ACTIVITY: Every record below should be repeated exactly. Omit the pictures.
************
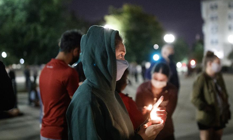 People gather in front of the U.S. Supreme Court mourning the passing of U.S. Supreme Court Justice Ruth Bader Ginsburg in Washington, D.C., the United States, Sept. 18, 2020. U.S. Supreme Court Justice Ruth Bader Ginsburg has died, the Supreme Court said Friday. The second female justice on the U.S. highest court, Ginsburg, 87, was a legal pioneer advocating for gender equality. (Photo by Ting Shen/Xinhua)
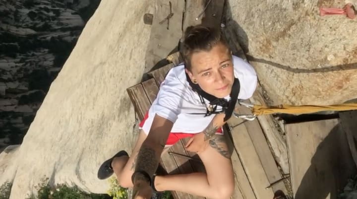 After a few hours trek, I got to the North Peak, as my first plan was only one day trek, I was almost about to take the cable car to descend and go back to Xi'an. Luckily, when I was "catching a breath," I saw there's a hotel. It kinda surprised me so, I googled some more info about the mountain and I found out about plank walk at South Peak. 'I HAVE TO DO IT,' I thought, and so a few seconds later I was trekking forward. It was really risky, as I didn't know if there will be any free spots at the hotel (despite the "World's dangerous trek," a lot of people is visiting the mountain).
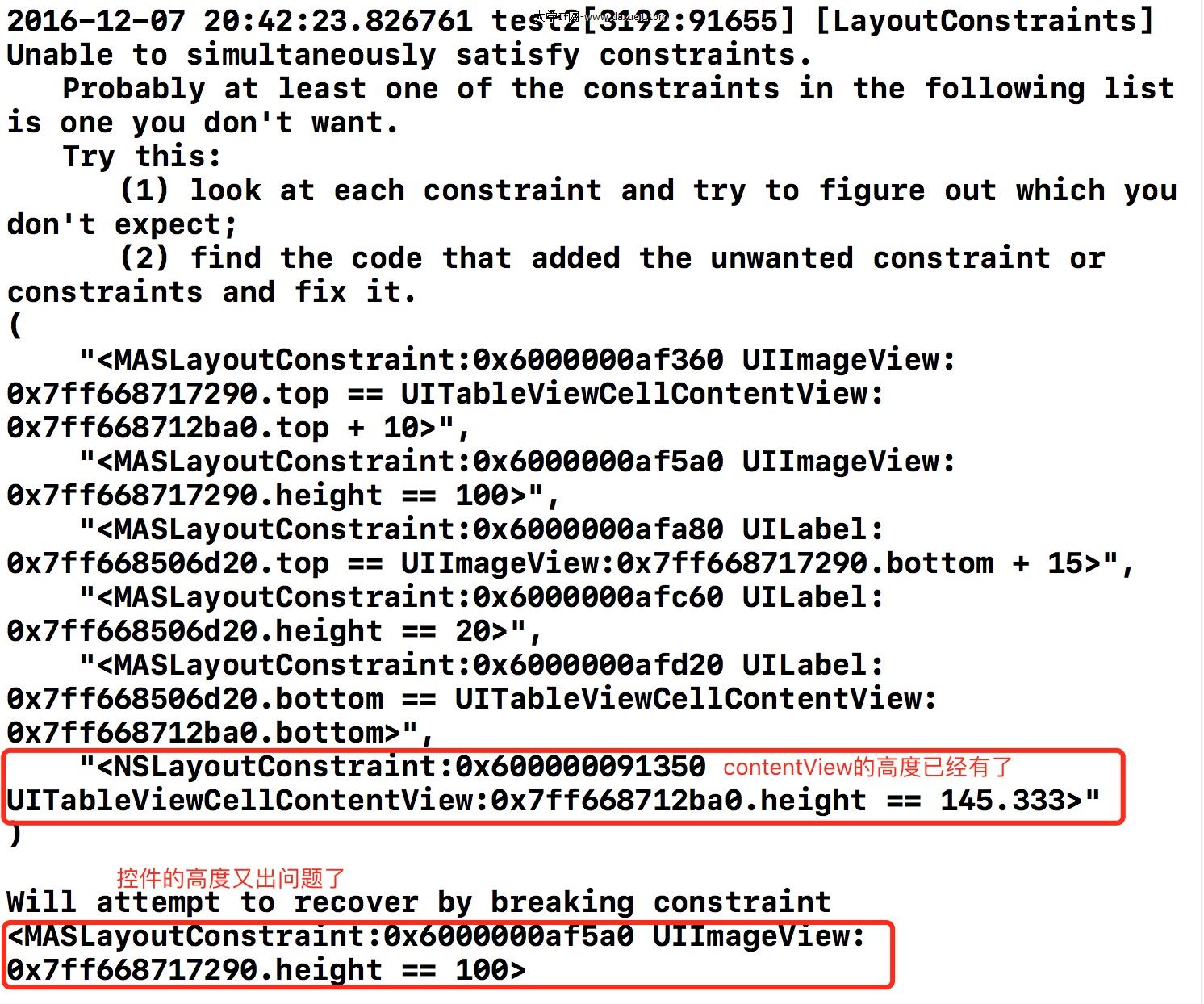 出處:http://blog.csdn.net/nb_token/article/details/53305414 Masonry可以設置約束的優先級,優先級分為priorityHigh,priorityMedium,priorityLow(高,中等,低)三個等級。優先級默認為中等,所以當我們對某一個控件的約束條件重復後,會打印警告信息,告訴我們應該去修復它們。 既然知道了警告的產生原因,那麼解決辦法有兩種: 1.找到該控件,修改它的相關約束,以消除警告信息。 2.將控件的約束優先級置為高級,那麼就算約束重復了也不會有警告。這也是最簡單省事的辦法。
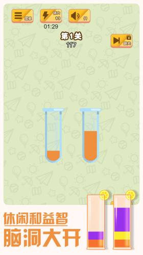 輕松解解壓手游是一款可以讓玩家獲得很好解壓體驗(yàn)的休閑游戲,游戲采用水排序的小游戲玩法,將不同試管里的不同顏色的水進(jìn)行置換,最終使得每一個(gè)試管里的液體顏色一樣,輕輕松松的游戲玩法,倒來倒去也不用太難的操作,非常休閑解壓。
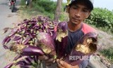 Petani memperlihatkan terong yang rusak di area persawahan Desa Wates, Kediri, Jawa Timur, Senin (10/12/2018). Petani di wilayah tersebut mengeluhkan serangan hama tikus yang mengakibatkan sedikitnya 10 persen hasil panen terong mengalami kerusakan. (FOTO : Prasetia fauzani/Antara)
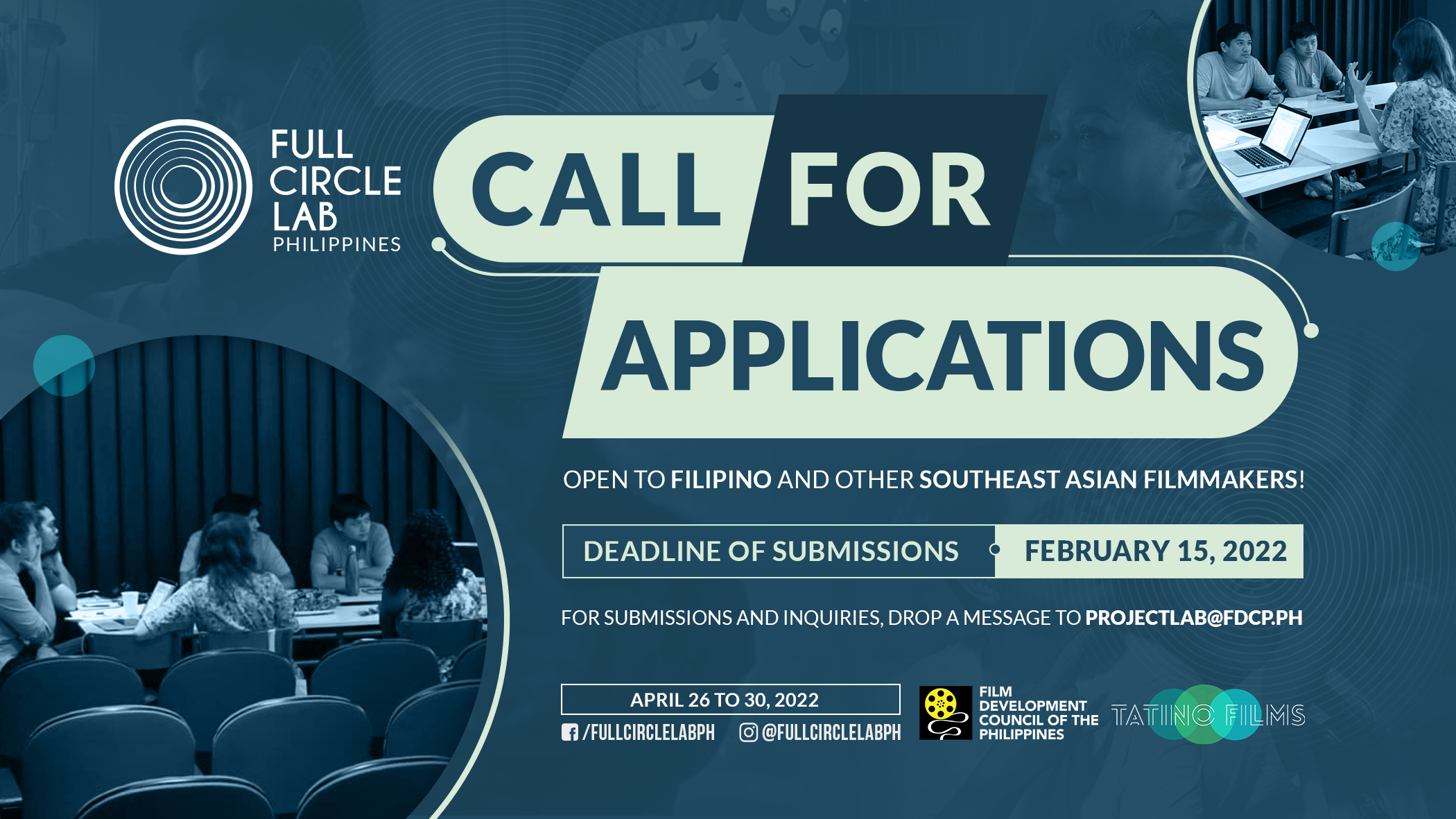 MANILA, PHILIPPINES, JANUARY 10, 2021 —  The Full Circle Lab Philippines (FCL PH), a joint capacity-building program for Filipino and other Southeast Asian filmmakers of the Film Development Council of the Philippines (FDCP) and European production outfit Tatino Films, has opened the call for applications for this year’s edition. The 2022 edition will consist of four (4) labs that will directly benefit fifteen (15) projects and eleven (11) talents, with no less than ten (10) international mentors and industry advisors involved. The Story Editor’s Lab, a new section, will also be introduced and will be focusing on story development particularly in the script development stage.
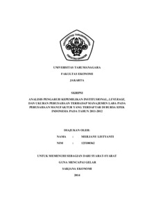 Listyanti, Meiliany (2014) ANALISIS PENGARUH KEPEMILIKAN INSTITUSIONAL, LEVERAGE, DAN UKURAN PERUSAHAAN TERHADAP MANAJEMEN LABA PADA PERUSAHAAN MANUFAKTUR YANG TERDAFTAR DI BURSA EFEK INDONESIA PADA TAHUN 2011-2012. Skripsi thesis, Universitas Tarumanagara.
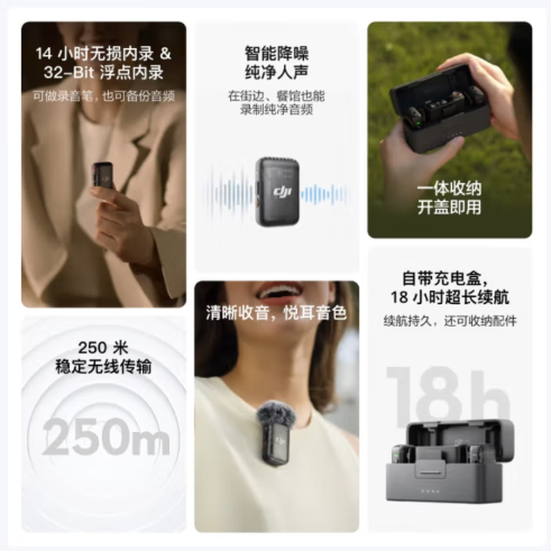 大疆大疆 Mic 2(一发一收) 专业音质无线麦克风 直播降噪收音麦 手机相机一拖一领夹麦 DJI Mic 2/件
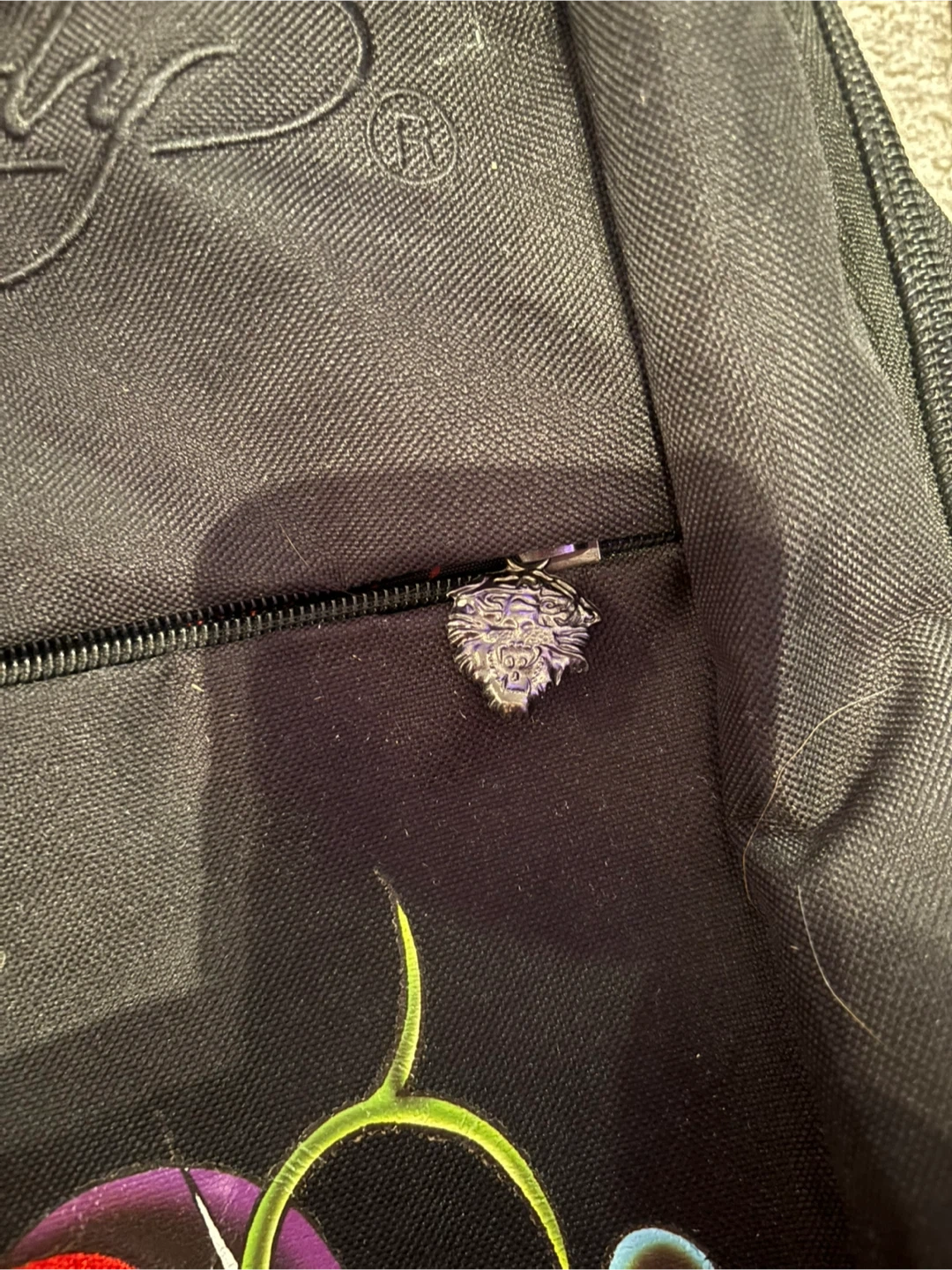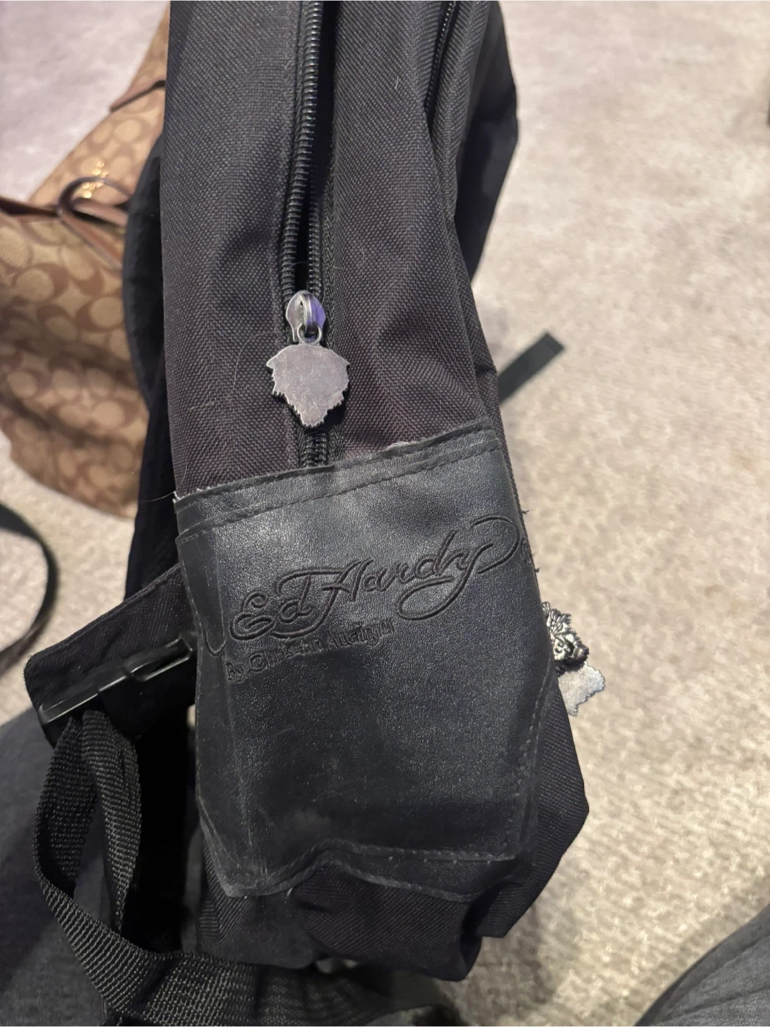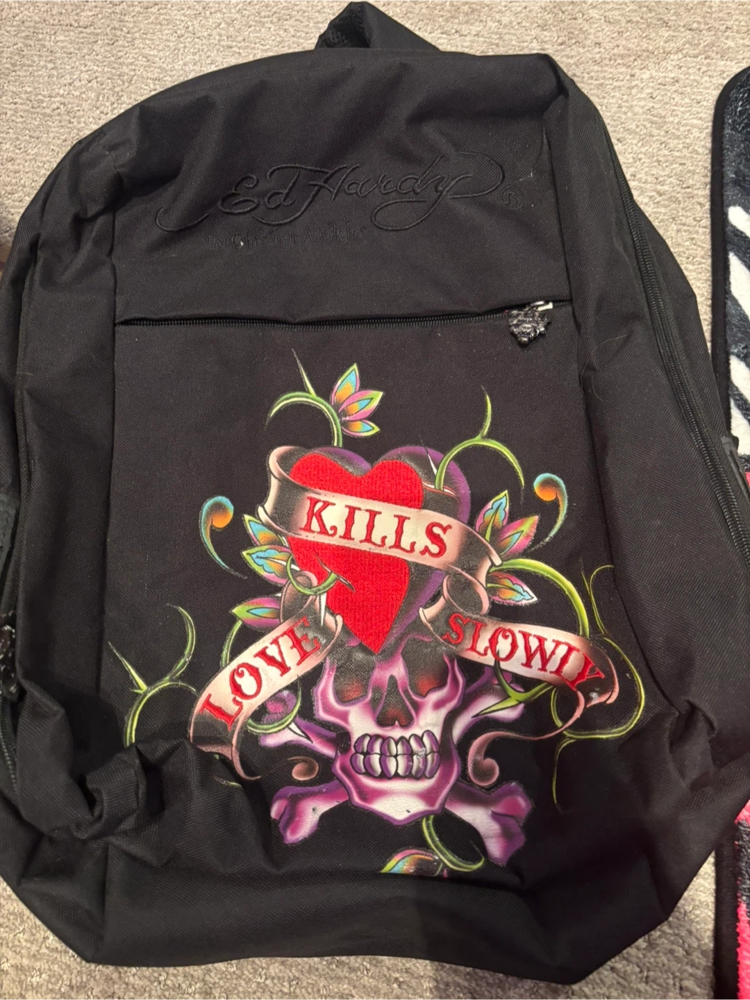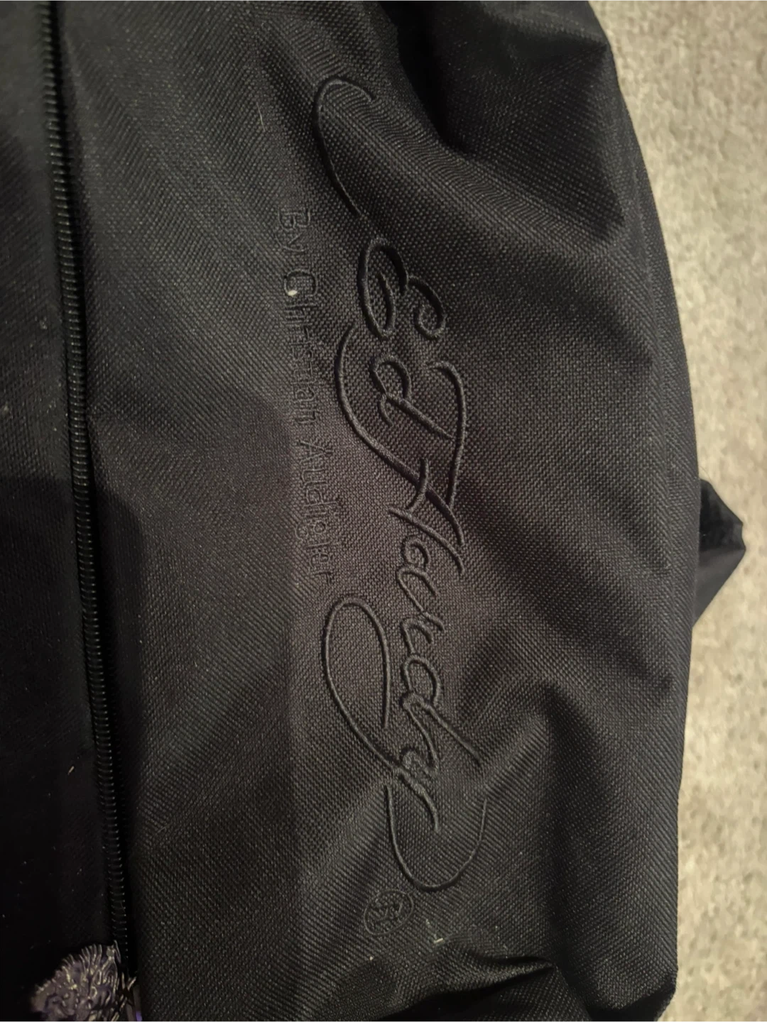 Black Ed Hardy backpack featuring the iconic skull and heart graphic. Interior lining is branded with "Ed Hardy By Christian Audigier". It has a zippered main compartment and a front pocket with unique zipper pulls.
************
THE COMPLETED TASK:
 People gather in front of the U.S. Supreme Court mourning the passing of U.S. Supreme Court Justice Ruth Bader Ginsburg in Washington, D.C., the United States, Sept. 18, 2020. U.S. Supreme Court Justice Ruth Bader Ginsburg has died, the Supreme Court said Friday. The second female justice on the U.S. highest court, Ginsburg, 87, was a legal pioneer advocating for gender equality. (Photo by Ting Shen/Xinhua)
 After a few hours trek, I got to the North Peak, as my first plan was only one day trek, I was almost about to take the cable car to descend and go back to Xi'an. Luckily, when I was "catching a breath," I saw there's a hotel. It kinda surprised me so, I googled some more info about the mountain and I found out about plank walk at South Peak. 'I HAVE TO DO IT,' I thought, and so a few seconds later I was trekking forward. It was really risky, as I didn't know if there will be any free spots at the hotel (despite the "World's dangerous trek," a lot of people is visiting the mountain).
 出處:http://blog.csdn.net/nb_token/article/details/53305414 Masonry可以設置約束的優先級,優先級分為priorityHigh,priorityMedium,priorityLow(高,中等,低)三個等級。優先級默認為中等,所以當我們對某一個控件的約束條件重復後,會打印警告信息,告訴我們應該去修復它們。 既然知道了警告的產生原因,那麼解決辦法有兩種: 1.找到該控件,修改它的相關約束,以消除警告信息。 2.將控件的約束優先級置為高級,那麼就算約束重復了也不會有警告。這也是最簡單省事的辦法。
 輕松解解壓手游是一款可以讓玩家獲得很好解壓體驗(yàn)的休閑游戲,游戲采用水排序的小游戲玩法,將不同試管里的不同顏色的水進(jìn)行置換,最終使得每一個(gè)試管里的液體顏色一樣,輕輕松松的游戲玩法,倒來倒去也不用太難的操作,非常休閑解壓。
 Petani memperlihatkan terong yang rusak di area persawahan Desa Wates, Kediri, Jawa Timur, Senin (10/12/2018). Petani di wilayah tersebut mengeluhkan serangan hama tikus yang mengakibatkan sedikitnya 10 persen hasil panen terong mengalami kerusakan. (FOTO : Prasetia fauzani/Antara)
 MANILA, PHILIPPINES, JANUARY 10, 2021 —  The Full Circle Lab Philippines (FCL PH), a joint capacity-building program for Filipino and other Southeast Asian filmmakers of the Film Development Council of the Philippines (FDCP) and European production outfit Tatino Films, has opened the call for applications for this year’s edition. The 2022 edition will consist of four (4) labs that will directly benefit fifteen (15) projects and eleven (11) talents, with no less than ten (10) international mentors and industry advisors involved. The Story Editor’s Lab, a new section, will also be introduced and will be focusing on story development particularly in the script development stage.
 Listyanti, Meiliany (2014) ANALISIS PENGARUH KEPEMILIKAN INSTITUSIONAL, LEVERAGE, DAN UKURAN PERUSAHAAN TERHADAP MANAJEMEN LABA PADA PERUSAHAAN MANUFAKTUR YANG TERDAFTAR DI BURSA EFEK INDONESIA PADA TAHUN 2011-2012. Skripsi thesis, Universitas Tarumanagara.
 大疆大疆 Mic 2(一发一收) 专业音质无线麦克风 直播降噪收音麦 手机相机一拖一领夹麦 DJI Mic 2/件
 Black Ed Hardy backpack featuring the iconic skull and heart graphic. Interior lining is branded with "Ed Hardy By Christian Audigier". It has a zippered main compartment and a front pocket with unique zipper pulls.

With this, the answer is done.